Directions for this task
Copy all the entries below exactly, but not the pictures.

Collected data entries
····················

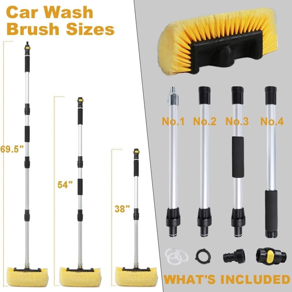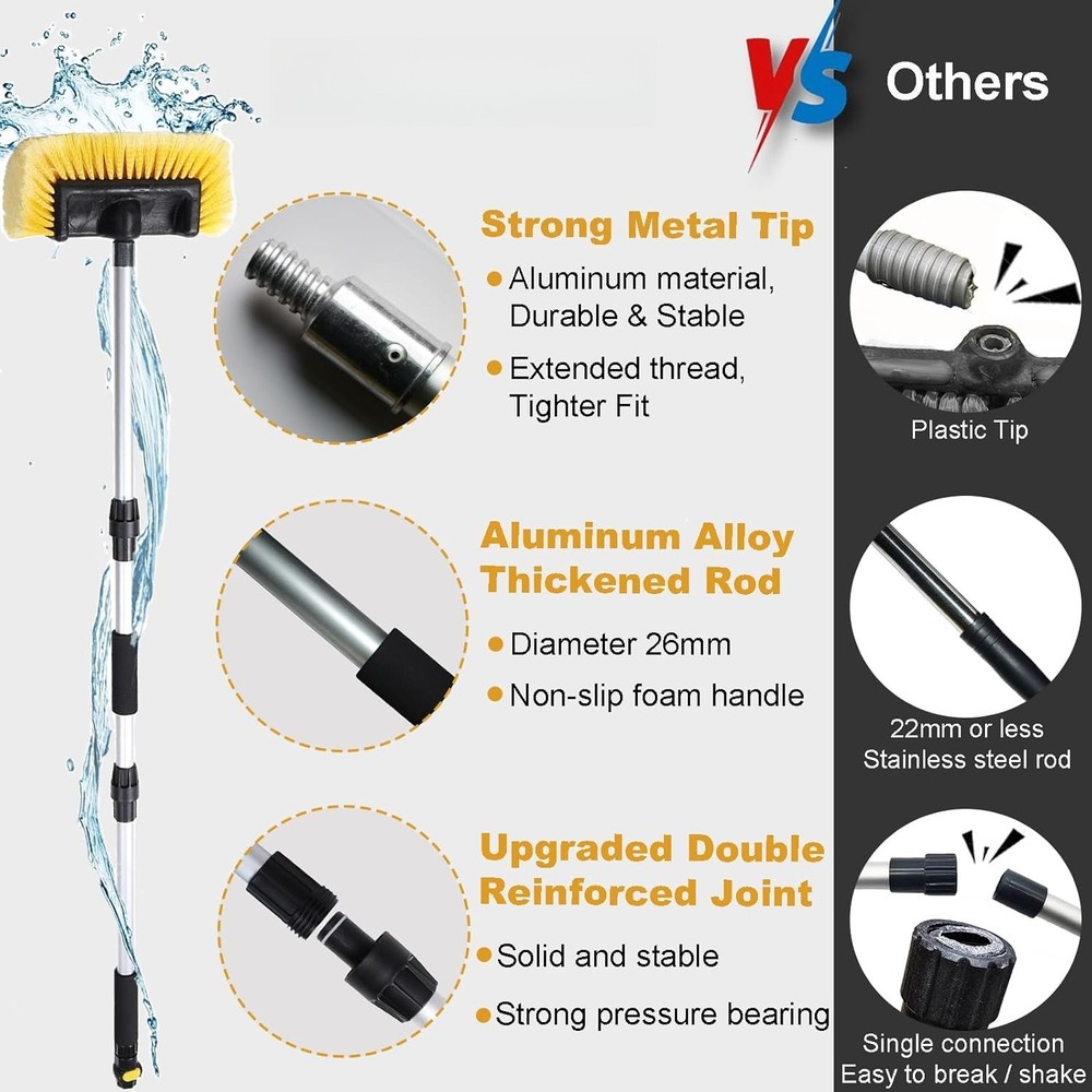【 Efficient Cleaning 】 Achieve sparkling clean cars with our car wash brush with hose attachment. Easily connect this car wash wand brush to your hose for a steady water supply during the cleaning process. Control the water flow with the built-in on/off water flow switch 【 Strong Non-slip Handle 】 Our Car Washing Brush features a 66" long handle made of 26mm thick aluminum alloy. The new rod connections are resistant to bending, loosing, breaking or leaking. It also features two foam grips for extra control. You can hold the car wash brush with handle well even if your hand is wet or slippery 【 5-Sided Soft Brush Head 】The bristles of our soft rv wash brush are made of high quality PVC, make this truck wash brush abrasive enough to remove dirt but won't scratch paint. The side-protecting bristles not only protect your vehicle from scratches, but also help clean wheel rims, mirrors, and more 【 Smooth Water Flow 】Unlike other single-outlet car wash brushes that tend to cause water splashing, our improved car wash brush head features four built-in water outlets, ensuring a smooth and gentle water flow when using the water flow through function. The larger 12-inch brush head can hold more water and foam, resulting in a more efficient and gentler car clean experience 【 Versatile Car Wash Supplies 】The assembled car wash brush with long handle reaches a total length of 70“, offering unmatched flexibility and comfort for cleaning hard-to-access areas. Perfect for cleaning or washing Solar Panels, House Siding, Auto Cars, Trucks, SUV, RV, Camper, Boats, Decks, Floors, Patios, Bathrooms, Showers, Snow Removal and more! 【 Leak-proof and Secure 】This car cleaning brush features seals at every joint to prevent leaks. There's a rubber gasket inside the brush head's threads, and a silicone ring around the thread tip of the handle to further prevent leaks—almost too much. If too many seals cause the brush head to loosen from the handle, you can remove one or two to solve the problem
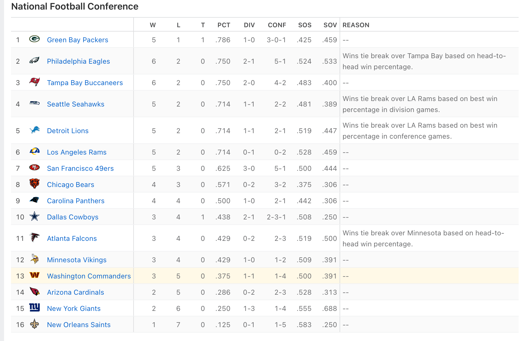 The Commanders have the Seattle Seahawks and Detroit Lions next, and they’re 13th in the NFC, with four NFC losses, the second most in the conference. Two more NFC losses will put the Commanders in a position where they have to sweep the rest of the season to have a chance, and that’s just not realistic with this team.
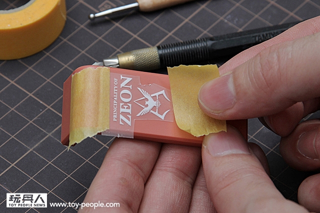 ▼ 再貼上遮蓋膠帶,確認貼紙是拉直服貼在零件的表面上。
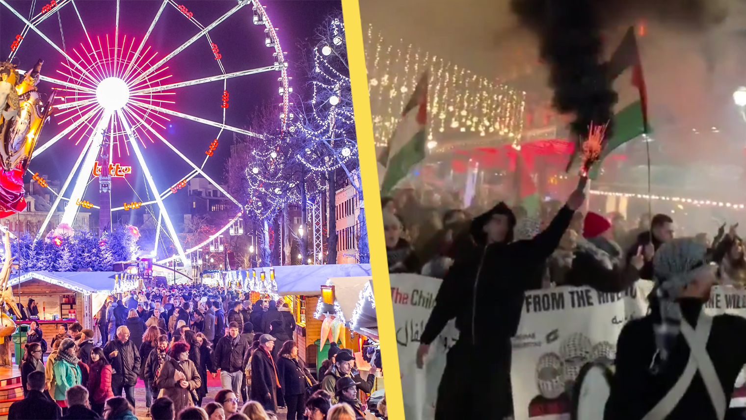 ”Julmarknaden i Bryssel håller på att förvandlas till ett islamiskt helvete”, kommenterar Geert Wilders på sociala medier med en video på den pro-palestinska mobben som protesterade med facklor och trummor bland stugorna och stånden under juldekorationerna.
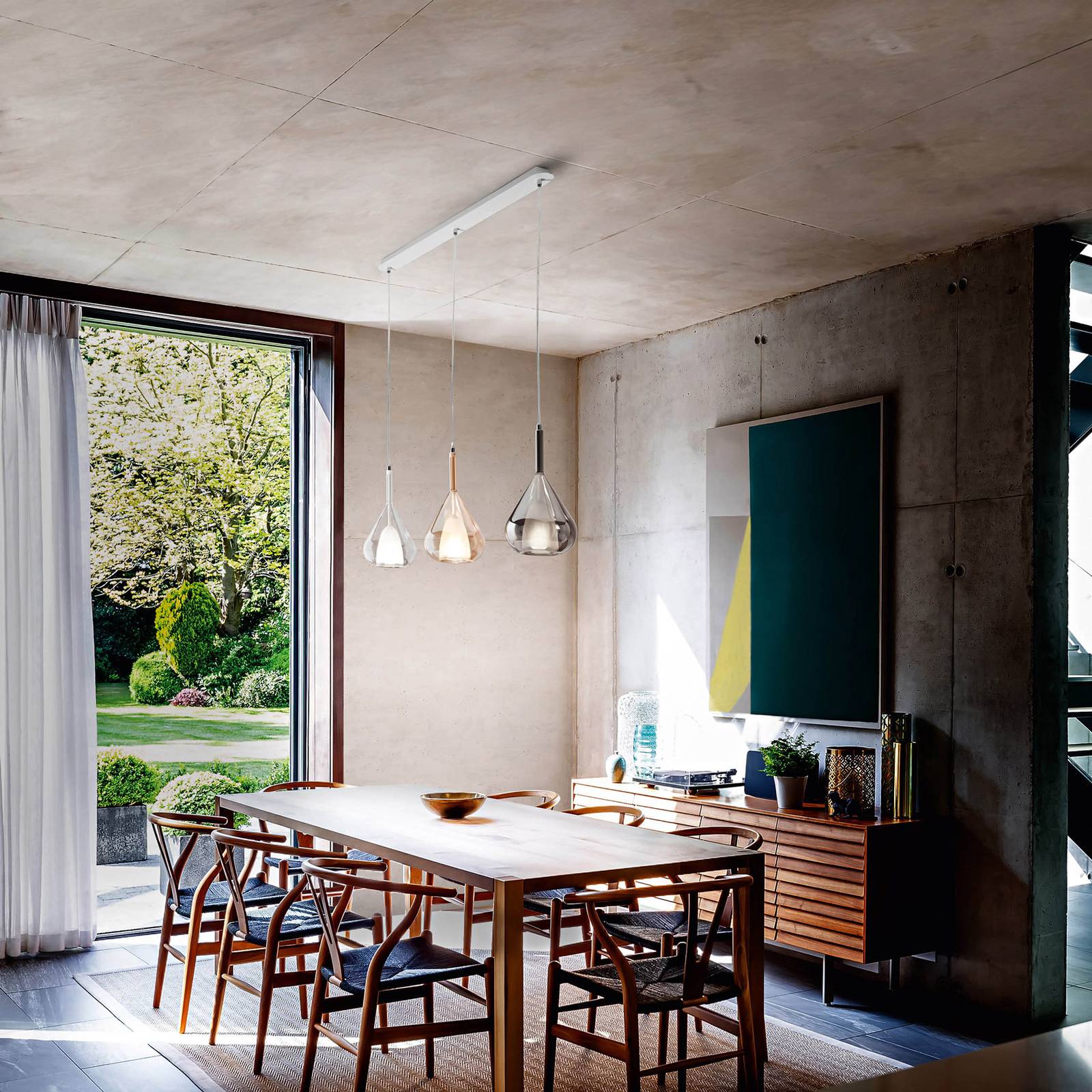 Fabas Luce Závěsné světlo Lila ze skla, třížár. dlouhé, Obývací pokoj / jídelna, borosilikátové sklo, kov, E27, 40W, P: 103 cm, L: 20 cm
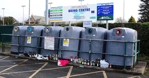 Glass bottles littered around overflowing Dundalk bottle bank
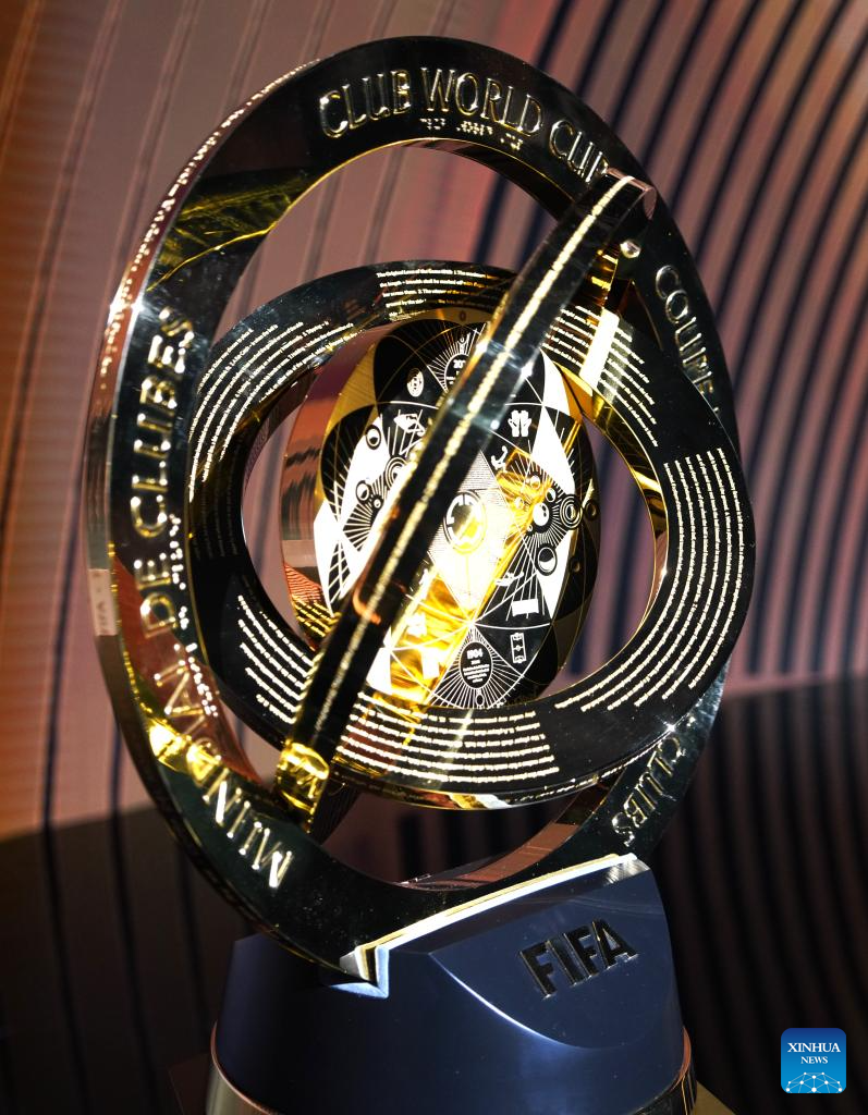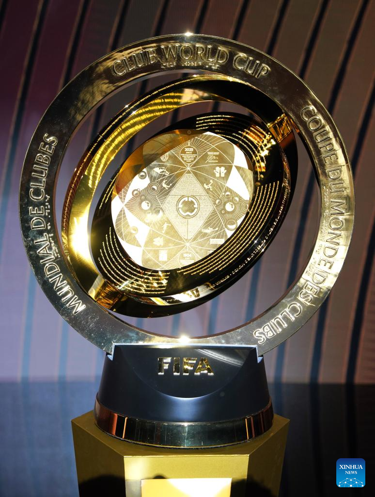 The trophy of the FIFA Club World Cup 2025 is seen during the draw ceremony for the FIFA Club World Cup 2025 in Miami, the United States, on Dec. 5, 2024. (Xinhua/Wu Xiaoling)
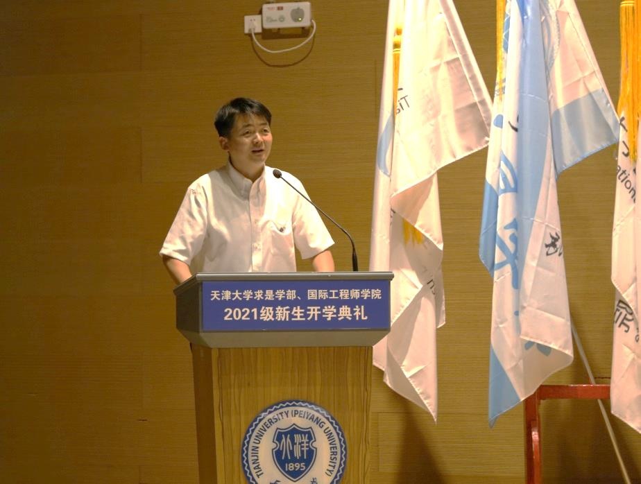 最后,巩金龙副校长向全体新生致词。他首先对今年成功进入求是学部和国际工程师学院的优秀学子表示衷心祝贺与热烈欢迎。他指出,求是学部积极探索工程创新人才培养模式,培养了一大批工程创新人才、科技创新人才、企业领军人才和基础学科拔尖人才;国际工程师学院对标国际工程师认证标准,探索法国工程教育的本土化,取得了不斐的成绩。
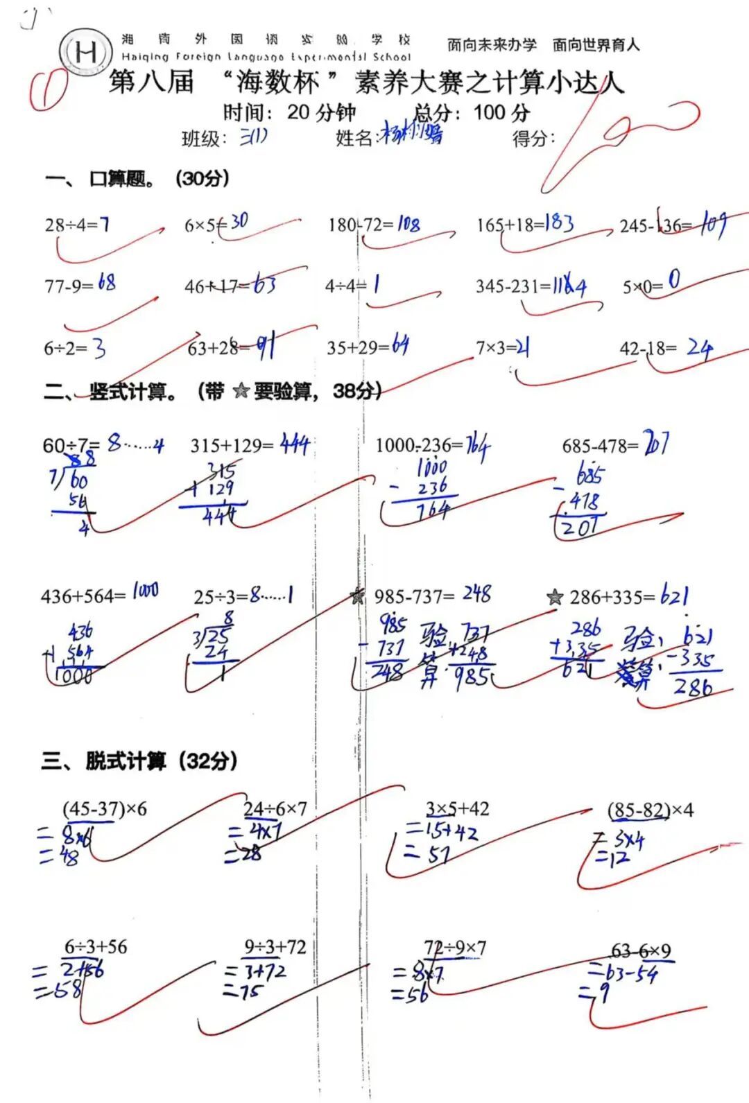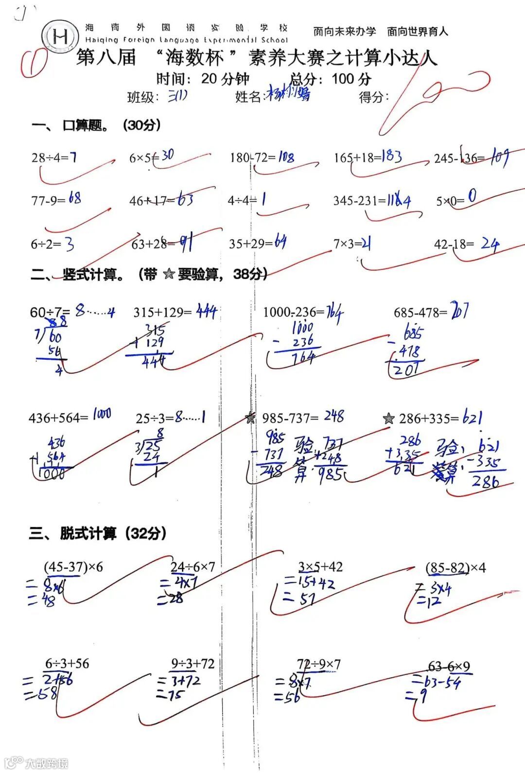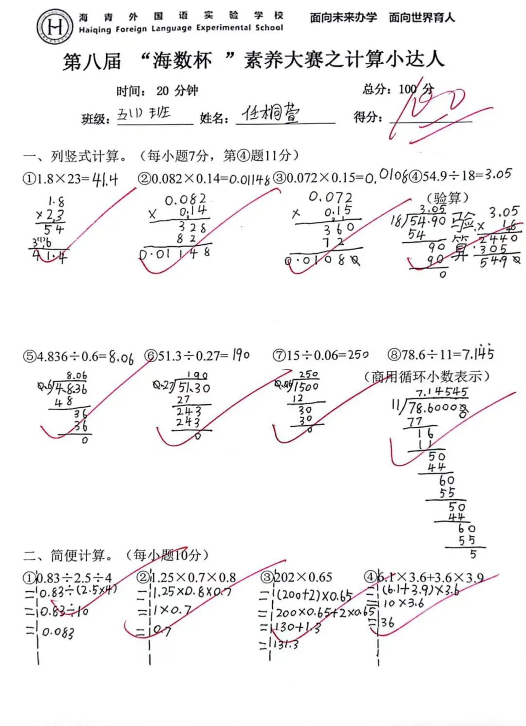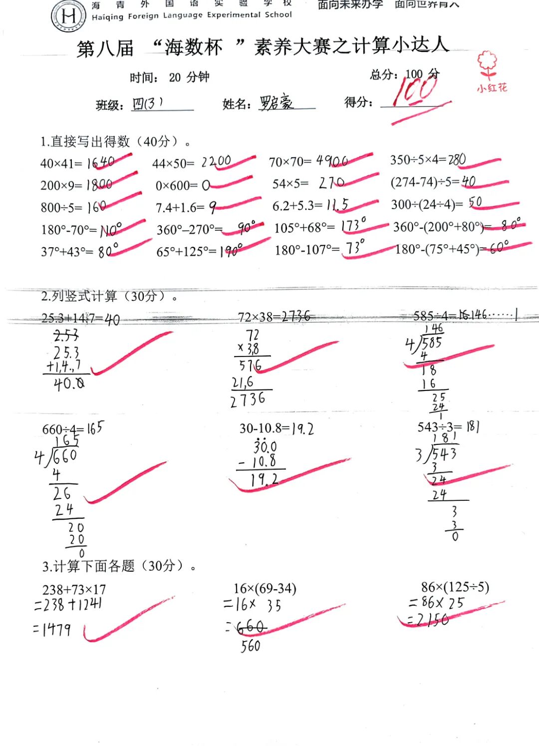 The "Calculation Prodigy" competition officially started! This is by no means an ordinary event, but a "Speed and Passion" in the mathematical world! Students will show their skills and demonstrate fast and accurate calculation ability in the carefully designed mathematical problems. These questions not only challenge the children's mathematical foundation, but also skillfully integrate interesting elements, allowing the children to learn in laughter and gain fruitful results in growth.
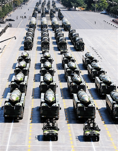 第三大亮点是第二炮兵的新一代导弹武器系统登台亮相。第二炮兵是中国军队远程精确打击的主要作战力量,其所装备的地地弹道导弹武器系统和远程巡航导弹始终是历次阅兵的“压轴重器”。这次第二炮兵公开展示的6个地面装备方队,涵盖了第二炮兵现役主要作战装备。特别是洲际弹道导弹,代表着中国战略核威慑和核反击能力的全面提升,同时也是奠定我国世界大国地位的重要基石。
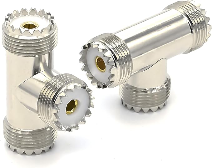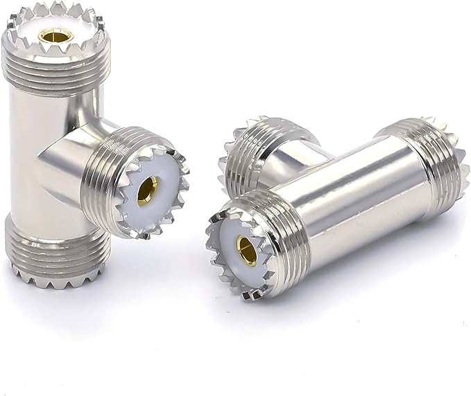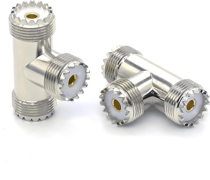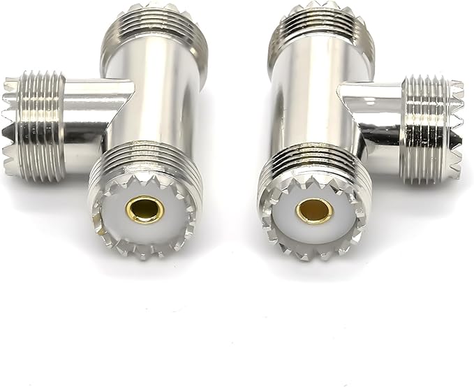 パッケージ内容: UHF メスからデュアル メスへの T 字型スプリッター同軸コネクタ アダプター 2 個
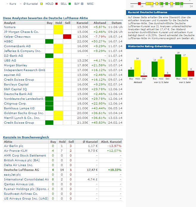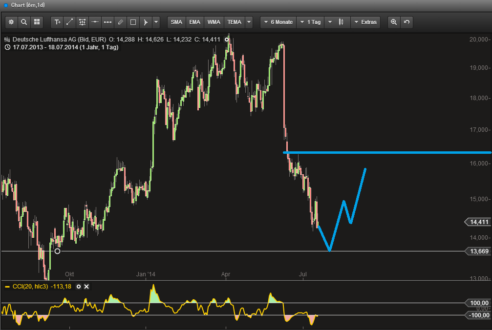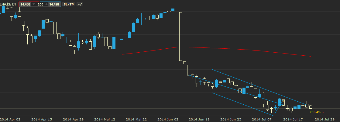 17.07.2014 (www.4investors.de) - Wird bei der Lufthansa-Aktie eine breite und starke Unterstützungszone rund um die Marke von 14 Euro zur Trendwendezone? Gestern jedenfalls gelangen der DAX-notierten Luftfahrtaktie erneut Gewinne, nachdem der Lufthansa-Aktienkurs am Montag bei 14,158 Euro aus der Abwärtsbewegung nach oben drehte. Das bisherige, gestern erreichte Erholungshoch liegt bei 15,025 Euro, der Schlusskurs des Papiers ist bei 14,96 Euro knapp darunter notiert. In dieser Zone bewegen sich auch die Notierungen auf den außerbörslichen Handelsplattformen am frühen Donnerstagmorgen vor XETRA-Handelsstart.
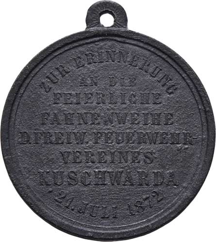 opis / 12-řádkový maďarsko-německý nápis, Nesign., M-B.77, bronz 29 mm s raženým ouškem, nep.hr., patina |

····················

Response area
【 Efficient Cleaning 】 Achieve sparkling clean cars with our car wash brush with hose attachment. Easily connect this car wash wand brush to your hose for a steady water supply during the cleaning process. Control the water flow with the built-in on/off water flow switch 【 Strong Non-slip Handle 】 Our Car Washing Brush features a 66" long handle made of 26mm thick aluminum alloy. The new rod connections are resistant to bending, loosing, breaking or leaking. It also features two foam grips for extra control. You can hold the car wash brush with handle well even if your hand is wet or slippery 【 5-Sided Soft Brush Head 】The bristles of our soft rv wash brush are made of high quality PVC, make this truck wash brush abrasive enough to remove dirt but won't scratch paint. The side-protecting bristles not only protect your vehicle from scratches, but also help clean wheel rims, mirrors, and more 【 Smooth Water Flow 】Unlike other single-outlet car wash brushes that tend to cause water splashing, our improved car wash brush head features four built-in water outlets, ensuring a smooth and gentle water flow when using the water flow through function. The larger 12-inch brush head can hold more water and foam, resulting in a more efficient and gentler car clean experience 【 Versatile Car Wash Supplies 】The assembled car wash brush with long handle reaches a total length of 70“, offering unmatched flexibility and comfort for cleaning hard-to-access areas. Perfect for cleaning or washing Solar Panels, House Siding, Auto Cars, Trucks, SUV, RV, Camper, Boats, Decks, Floors, Patios, Bathrooms, Showers, Snow Removal and more! 【 Leak-proof and Secure 】This car cleaning brush features seals at every joint to prevent leaks. There's a rubber gasket inside the brush head's threads, and a silicone ring around the thread tip of the handle to further prevent leaks—almost too much. If too many seals cause the brush head to loosen from the handle, you can remove one or two to solve the problem
 The Commanders have the Seattle Seahawks and Detroit Lions next, and they’re 13th in the NFC, with four NFC losses, the second most in the conference. Two more NFC losses will put the Commanders in a position where they have to sweep the rest of the season to have a chance, and that’s just not realistic with this team.
 ▼ 再貼上遮蓋膠帶,確認貼紙是拉直服貼在零件的表面上。
 ”Julmarknaden i Bryssel håller på att förvandlas till ett islamiskt helvete”, kommenterar Geert Wilders på sociala medier med en video på den pro-palestinska mobben som protesterade med facklor och trummor bland stugorna och stånden under juldekorationerna.
 Fabas Luce Závěsné světlo Lila ze skla, třížár. dlouhé, Obývací pokoj / jídelna, borosilikátové sklo, kov, E27, 40W, P: 103 cm, L: 20 cm
 Glass bottles littered around overflowing Dundalk bottle bank
 The trophy of the FIFA Club World Cup 2025 is seen during the draw ceremony for the FIFA Club World Cup 2025 in Miami, the United States, on Dec. 5, 2024. (Xinhua/Wu Xiaoling)
 最后,巩金龙副校长向全体新生致词。他首先对今年成功进入求是学部和国际工程师学院的优秀学子表示衷心祝贺与热烈欢迎。他指出,求是学部积极探索工程创新人才培养模式,培养了一大批工程创新人才、科技创新人才、企业领军人才和基础学科拔尖人才;国际工程师学院对标国际工程师认证标准,探索法国工程教育的本土化,取得了不斐的成绩。
 The "Calculation Prodigy" competition officially started! This is by no means an ordinary event, but a "Speed and Passion" in the mathematical world! Students will show their skills and demonstrate fast and accurate calculation ability in the carefully designed mathematical problems. These questions not only challenge the children's mathematical foundation, but also skillfully integrate interesting elements, allowing the children to learn in laughter and gain fruitful results in growth.
 第三大亮点是第二炮兵的新一代导弹武器系统登台亮相。第二炮兵是中国军队远程精确打击的主要作战力量,其所装备的地地弹道导弹武器系统和远程巡航导弹始终是历次阅兵的“压轴重器”。这次第二炮兵公开展示的6个地面装备方队,涵盖了第二炮兵现役主要作战装备。特别是洲际弹道导弹,代表着中国战略核威慑和核反击能力的全面提升,同时也是奠定我国世界大国地位的重要基石。
 パッケージ内容: UHF メスからデュアル メスへの T 字型スプリッター同軸コネクタ アダプター 2 個
 17.07.2014 (www.4investors.de) - Wird bei der Lufthansa-Aktie eine breite und starke Unterstützungszone rund um die Marke von 14 Euro zur Trendwendezone? Gestern jedenfalls gelangen der DAX-notierten Luftfahrtaktie erneut Gewinne, nachdem der Lufthansa-Aktienkurs am Montag bei 14,158 Euro aus der Abwärtsbewegung nach oben drehte. Das bisherige, gestern erreichte Erholungshoch liegt bei 15,025 Euro, der Schlusskurs des Papiers ist bei 14,96 Euro knapp darunter notiert. In dieser Zone bewegen sich auch die Notierungen auf den außerbörslichen Handelsplattformen am frühen Donnerstagmorgen vor XETRA-Handelsstart.
 opis / 12-řádkový maďarsko-německý nápis, Nesign., M-B.77, bronz 29 mm s raženým ouškem, nep.hr., patina |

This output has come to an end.